New black hole discovered in Milky Way galaxy by NASA’s Swift

     NASA’s Swift satellite has found evidence of the presence of a previously unknown stellar-mass black hole in our Milky Way galaxy. The satellite recently detected a rising tide of high-energy X-rays from a source toward the centre of our galaxy. The outburst, produced by a rare X-ray nova, announced the presence of a new black hole.

“Bright X-ray novae are so rare that they’re essentially once-a-mission events and this is the first one Swift has seen. This is really something we’ve been waiting for,” said Neil Gehrels, the mission’s principal investigator, at NASA’s Goddard Space Flight Center in Greenbelt, Md. An X-ray nova is a short-lived X-ray source that appears suddenly, reaches its emission peak in a few days and then fades out over a period of months. The outburst arises when a torrent of stored gas suddenly rushes toward one of the most compact objects known, either a neutron star or a black hole. The rapidly brightening source triggered Swift’s Burst Alert Telescope twice on the morning of Sept. 16, and once again the next day. Named Swift J1745-26 after the coordinates of its sky position, the nova is located a few degrees from the center of our galaxy toward the constellation Sagittarius.

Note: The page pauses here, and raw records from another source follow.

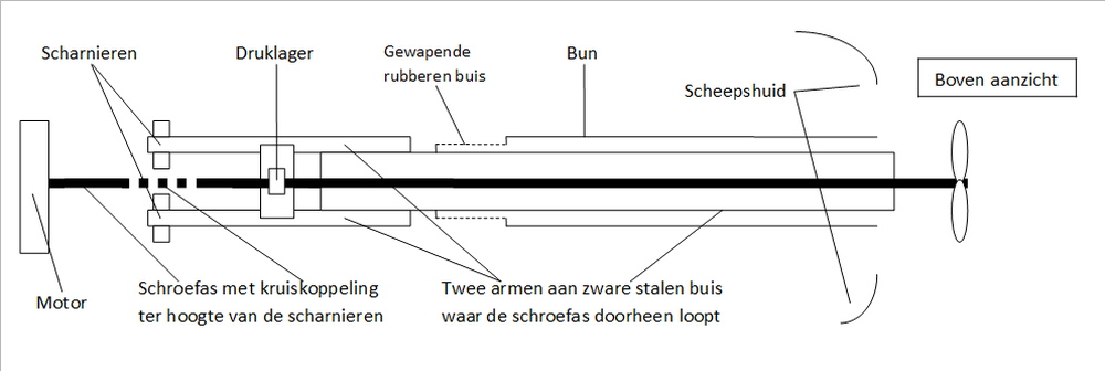 Heeft men voldoende water onder de kiel dan kan men, naar behoefte, de schroef een eindje lager stellen.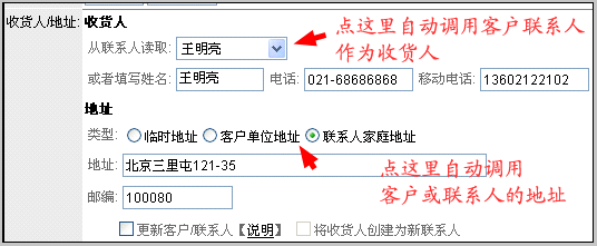 | a) | 可直接选择客户联系人作为收货人,并自动读取该联系人的电话和移动电话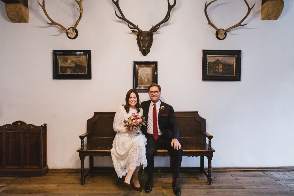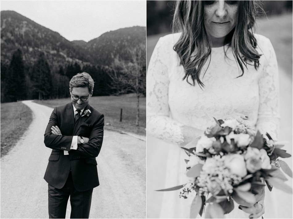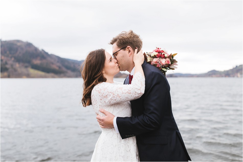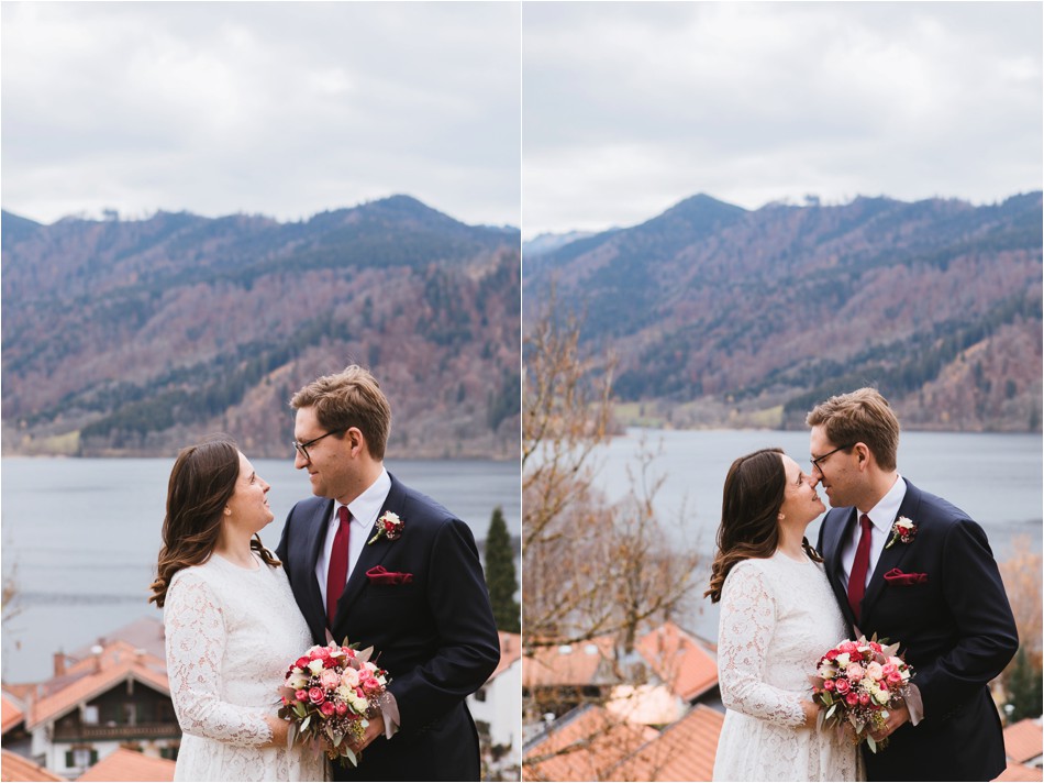 Seit ein paar Wochen sind K & J verheiratet. Die beiden gaben sich am schönen Schliersee das JA Wort, im engsten Kreis der Familie und ihrer Freunde. Eine superschöne, kleine familiäre Hochzeit in Schliersee mit anschließender Feier im Das Tegernsee am Tegernsee. Ich erreichte Schliersee bei noch strahlendem Sonnenschein, mit jedoch einigen aufziehenden Wolken. Das Wetter zeigte uns jedoch im Laufe unserer gemeinsamen Zeit leider noch die schlechtere Seite – aber dazu später mehr. Die standesamtliche Trauung fand im wunderschönen Rathaus von Schliersee statt, direkt danach ging’s hoch hinaus zu Fuß zur St. Georg Kapelle auf dem Weinberg zum Sektempfang. Die Wolken zogen immer mehr zu und der Wind wehte durch die Haare der Braut. Die Laune ließen wir uns von den frischeren Temperaturen und dem Wind jedoch keineswegs verderben. Mit vielen Rosenblättern und dem ein oder anderen Glas Sekt wurde dann auf das Brautpaar angestoßen. Im Anschluss daran fuhren wir zum Schliersee und ins Josefsthal für die Fotos. Das Wetter direkt am Schliersee war ziemlich rau und ungemütlich. Aber doch eigentlich recht passend für die beiden, da sie kürzlich in den hohen Norden gezogen sind. Letztlich blieben wir von Regen verschont, sodass wir zum Abschluss noch in Das Tegernsee gefahren sind, um dort die Feier fortzuführen.
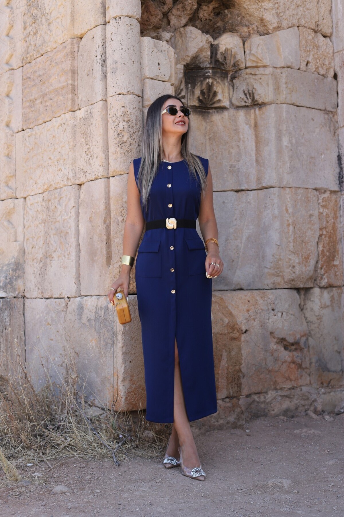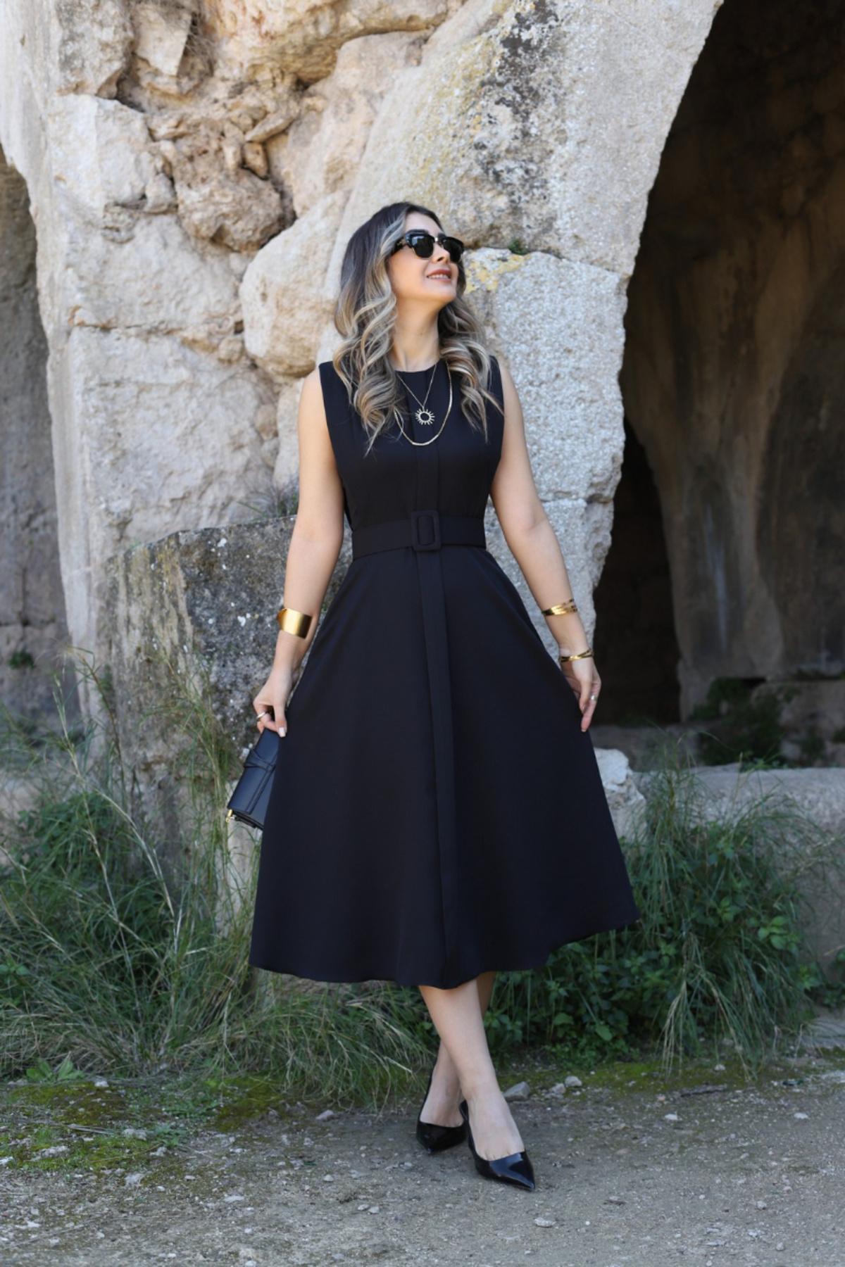 Siyah Aller Detay Kemerli Elbise Siyah Aller Detay Kemerli Elbise P3202S6477 XL

While astronomers do not know its precise distance, they think the object resides about 20,000 to 30,000 light-years away in the galaxy’s inner region. Ground-based observatories detected infrared and radio emissions, but thick clouds of obscuring dust have prevented astronomers from catching Swift J1745-26 in visible light. The nova peaked in hard X-rays - energies above 10,000 electron volts, or several thousand times that of visible light - on Sept. 18, when it reached an intensity equivalent to that of the famous Crab Nebula, a supernova remnant that serves as a calibration target for high-energy observatories and is considered one of the brightest sources beyond the solar system at these energies. Even as it dimmed at higher energies, the nova brightened in the lower-energy, or softer, emissions detected by Swift’s X-ray Telescope, a behavior typical of X-ray novae. By Wednesday, Swift J1745-26 was 30 times brighter in soft X-rays than when it was discovered and it continued to brighten. “The pattern we’re seeing is observed in X-ray novae where the central object is a black hole. Once the X-rays fade away, we hope to measure its mass and confirm its black hole status,” said Boris Sbarufatti, an astrophysicist at Brera Observatory in Milan, Italy, who currently is working with other Swift team members at Penn State in University Park, Pa.